Volcanic splendor of the busy yet quiet Tangkuban Perahu
By Simon Marcus Gower
TANGKUBAN PERAHU, West Java (JP): It is a famous and popular natural sight of wonder in Indonesia. Each day sees dozens; perhaps hundreds of visitors arrive to see it. It is, then, a busy point of destination; but though there may be crowds and though there is no sense of having glimpsed a rarely seen natural wonder, this in no way detracts from the awe of seeing the volcanic crater of Mount Tangkuban Perahu.
Many visitors to this volcanic mountain may stop off in the West Java provincial capital Bandung that lies some 50 kilometers south; but also south of the mountain is the small resort/market town of Lembang.

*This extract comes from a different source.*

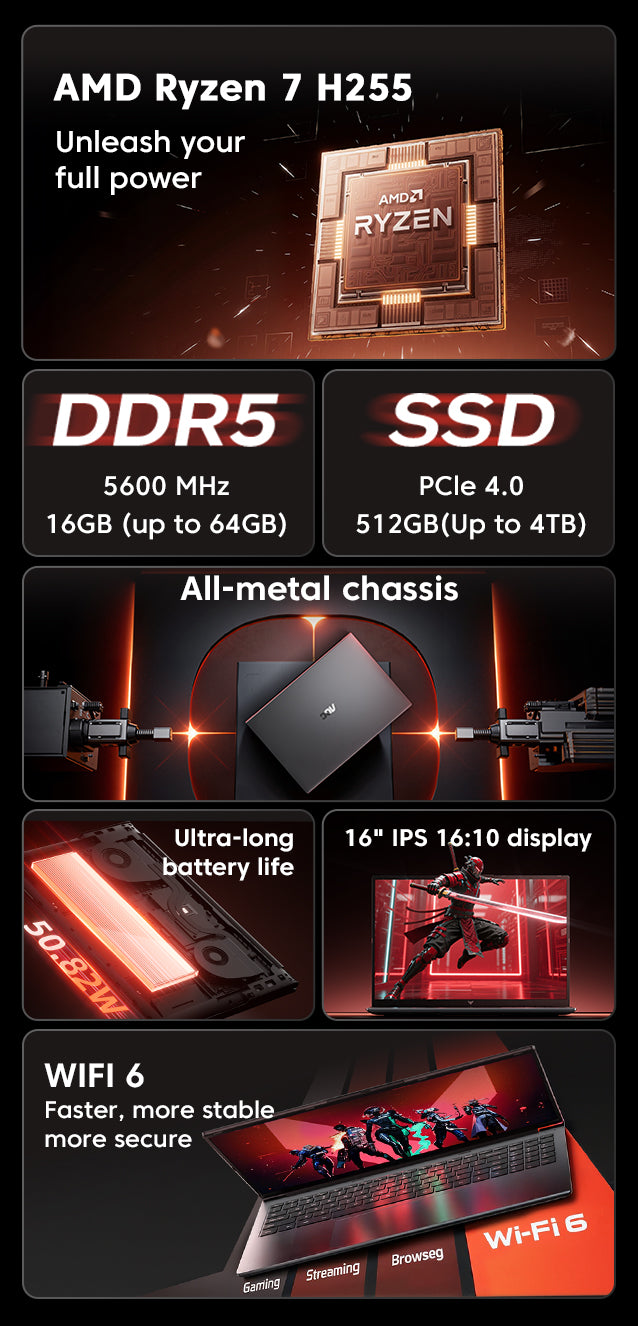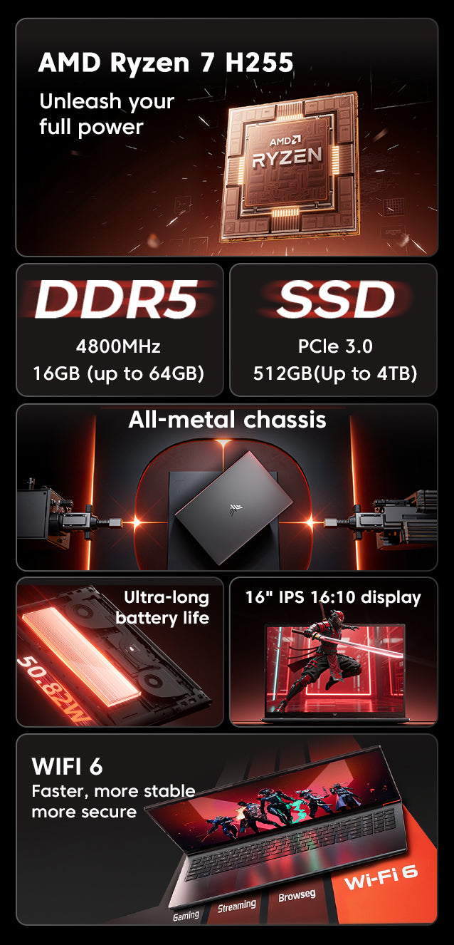 AMD Ryzen™ 7 H255 processor, 8 cores/16 threads, 3.8 GHz – 4.9 GHz, Zen 4 architecture, TSMC 4 nm FinFET process technology, 16 MB L3 cache, 45W TDP

This town, only around 25 kilometers from the volcano, is a more convenient and less crowded stopping point. Lembang has seen some, but not much, development over the past few years. This means that in and around the town there is now a good range of hotels and hostels.
Larger upmarket hotels occupy strategic and attractive locations that may attract the likes of conferences whilst smaller homestay type accommodation is available to backpacking or camping customers.
Lembang, however, is no more than a stop-off point for the traveler. The horse-drawn carts that trot around the town may have an appealing look but there is no leisure or pleasure function being fulfilled by this antiquated and quaint mode of transport. The carts have a definite utility function and the horses pulling them are not pretty ponies but are clearly workhorses. They carry paying customers and substantial amounts of farm produce to and from the town's lively market.
The town lies on the upland plateau above the city of Bandung; but to reach the volcanic peak of Tangkuban Perahu a considerable ascent still lies ahead. Setting out on Lembang's very own Jalan Tangkuban Perahu the road is a near constant gradient upwards. As the road sweeps up and through the richly fertile countryside an almost endless ribbon of deep green rice fields is passed and the elevation of the ascent becomes apparent.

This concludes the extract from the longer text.